__DIRECTIONS__:
Write the lines below out exactly, dropping each picture.

__INFORMATION SUPPLIED__:
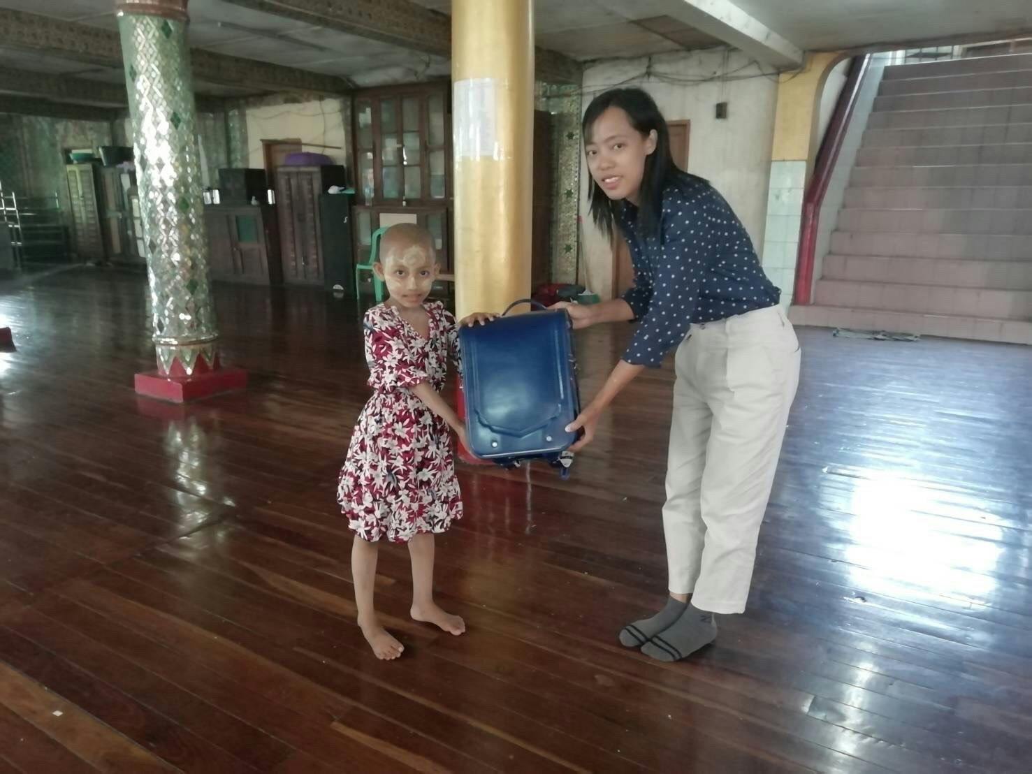 ミャンマーのヤンゴン市内にある寺院(孤児院兼学校)の名称/所在地は、Myittar Wardi Hinthada (parahita) Monstery/No.6, Baho road and Marlar Myaing 10 street, 16 Ward, Hlaing Township, Yangon.こちらの寺院のお住職さまが献身的に保護している子ども達に、私たちコアメンバーと現地スタッフ(現地サービスアパートメント&ホテル「7 mile」)が、責任をもってお届けします。
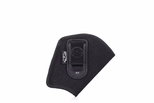 This holster is designed for small of the back carry. It is an IWB holster attached to the belt by a belt clip.
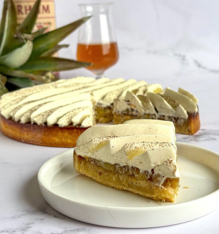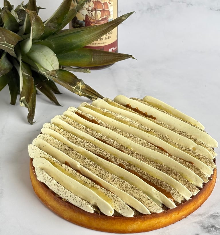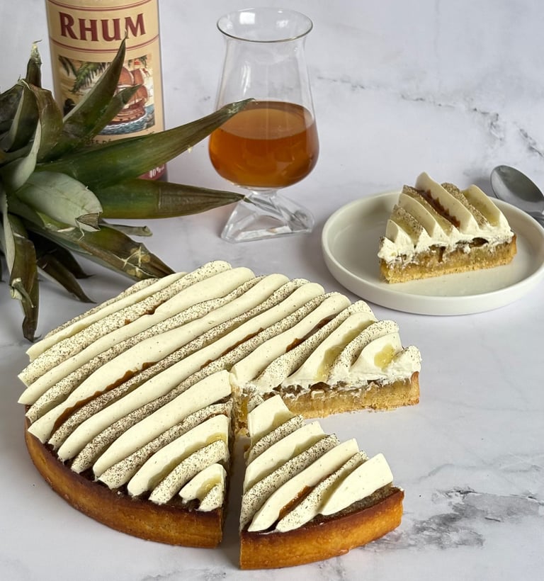 Une tarte alliant exotisme et gourmandise, composée d’une pâte sucrée à la vanille au sablé fondant, garnie d’une crème d’amandes parfumée au rhum.

__TASK ANSWER__:
 ミャンマーのヤンゴン市内にある寺院(孤児院兼学校)の名称/所在地は、Myittar Wardi Hinthada (parahita) Monstery/No.6, Baho road and Marlar Myaing 10 street, 16 Ward, Hlaing Township, Yangon.こちらの寺院のお住職さまが献身的に保護している子ども達に、私たちコアメンバーと現地スタッフ(現地サービスアパートメント&ホテル「7 mile」)が、責任をもってお届けします。
 This holster is designed for small of the back carry. It is an IWB holster attached to the belt by a belt clip.
 Une tarte alliant exotisme et gourmandise, composée d’une pâte sucrée à la vanille au sablé fondant, garnie d’une crème d’amandes parfumée au rhum.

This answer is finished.